Why is that the key? I think there was little or no welfare for immigrants, but they still came in huge numbers, in search of the economic opportunities and advantages which the US offered but which didn’t happen to take the form of welfare. Presumably economic opportunities and advantages will attract immigrants whether or not they take the form of welfare.
If the argument is that, given that the US now have rather more generous welfare programmes than it did in the 19th century, large numbers of immigrants will put a strain on those programmes, well, yes. But that’s just an aspect of the social or economic instability that I mentioned already. Large numbers of immigrants would tend to drive down wages. Would that be any more acceptable to American workers than tending to drive up taxes to pay for welfare programmes?
Except that is not a fair analogy. Immigrants do tend to actually work and that labor is taxed. More so if they didn’t have to work under the table. It’s not as if the OP is advocating giant refugee camps.
Most of the reasons against open immigration, as **brickbacon **said, are cultural and racial.
A better anology might be “what are some good reasons for not letting anyone off the street live in your gated community?”
To preserve the cultural unity and cohesion of the Republic. In addition immigrants must be screened for undesirable types such as degenerates, perverts, terrorists, and those of the criminal class.
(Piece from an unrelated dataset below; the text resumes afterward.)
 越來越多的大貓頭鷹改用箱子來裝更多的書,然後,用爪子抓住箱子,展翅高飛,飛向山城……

There are cultural aspects too. For example, completely unrestricted migration could lead to, say, The Netherlands becoming an English speaking country or Canada becoming a Muslim nation overnight.
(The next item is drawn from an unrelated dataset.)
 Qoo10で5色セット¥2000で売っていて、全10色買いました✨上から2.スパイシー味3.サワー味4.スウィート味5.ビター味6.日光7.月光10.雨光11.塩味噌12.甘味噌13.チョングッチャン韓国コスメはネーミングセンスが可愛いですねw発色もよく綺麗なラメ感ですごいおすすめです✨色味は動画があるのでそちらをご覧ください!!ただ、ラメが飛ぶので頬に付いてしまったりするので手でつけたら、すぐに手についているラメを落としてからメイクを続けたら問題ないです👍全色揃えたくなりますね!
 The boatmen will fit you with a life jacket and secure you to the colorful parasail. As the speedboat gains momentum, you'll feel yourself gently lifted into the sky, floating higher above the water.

Restrictions on immigration help the country to maintain some semblance of continuity and help to ensure that the country will not be overwhelmed by change overnight, and, if it does change due to immigration, will change slowly enough that the country will not be put under heavy stress.
Another reason for not letting more people live in your gated community is it might be too crowded. Nevermind that the place the person is moving from might be even more crowded, it’s your community so you should have a say in who gets to move in.
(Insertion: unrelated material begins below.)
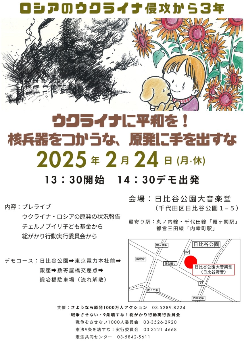 「戦争させない・9条壊すな!総がかり行動実行委員会」と「さようなら原発1000万人アクション」の共催で「ウクライナに平和を!核兵器をつかうな、原発に手を出すな集会」が2月24日(月・休)に日比谷公園大音楽堂(日比谷野音)にて行われます。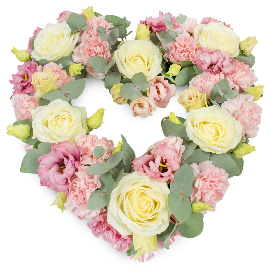 Show your love and appreciation with our beautiful heart-shaped tribute bouquet. This stunning arrangement features a perfect blend of white roses, pink carnations, pink lisianthus, and eucalyptus leaves, creating a visually captivating and meaningful display.

Is this a quote from someone in the 19th century?
They do tend to work, partly because there are requirements for both immigration and citizenship. In other words, they don’t let just anyone live and work here, much less obtain the benefits of citizenship. If they were to offer citizenship to everyone regardless of one’s background or qualification, then all bets would be off.
This it true, but IRT Homestead Act, it was given freely to Whites, which I think is important. The United States wanted immigration and for the land to be cultivated, but only by a certain type of people. Not just anyone.
Not really. A gated community isn’t self sufficient, it doesn’t have it’s own hospital, schools, garbage men. It’s real estate, not an interdependent society.
Restricting immigration doesn’t have to be racist or tribalism. With no restrictions refugee camps is exactly what will appear, and I’m sure the OP is well aware of that.
Because China has more than 4x the population of the US?
Step 1: 25% of them move here ensuring a majority.
Step 2: Change name of country to China II: Electric Chinaloo
Step 3: Profit.
Close. Someone playing dress-up, wearing stick-on mutton chops and a novelty monocle.
Amusing how this argument is made by Irish Catholics, Italian-Americans, Armenian-Americans, & apparently now Korean-Americans.
Dude, we let your ancestors in. It’s OK.
None of that requires quotas though.
Athena help me, but I tend to agree with this sentence, though I’d not have worded it quite that way. In particular speaking of “the Republic” that way strikes me as a bit unseemly nowadays. For reasons I have difficulty articulating it seems – how to put it? – a tad too America is history’s greatest nation and the right hand of Jesus in its implications.
Okay, I’ll bite. What “degenerates & perverts” do you want screened out? Homosexuals?
And what the hell is the “criminal class,” exactly? That is, do you mean persons who have committed major felonies, or do you persons the social group from which felons are most likely to come?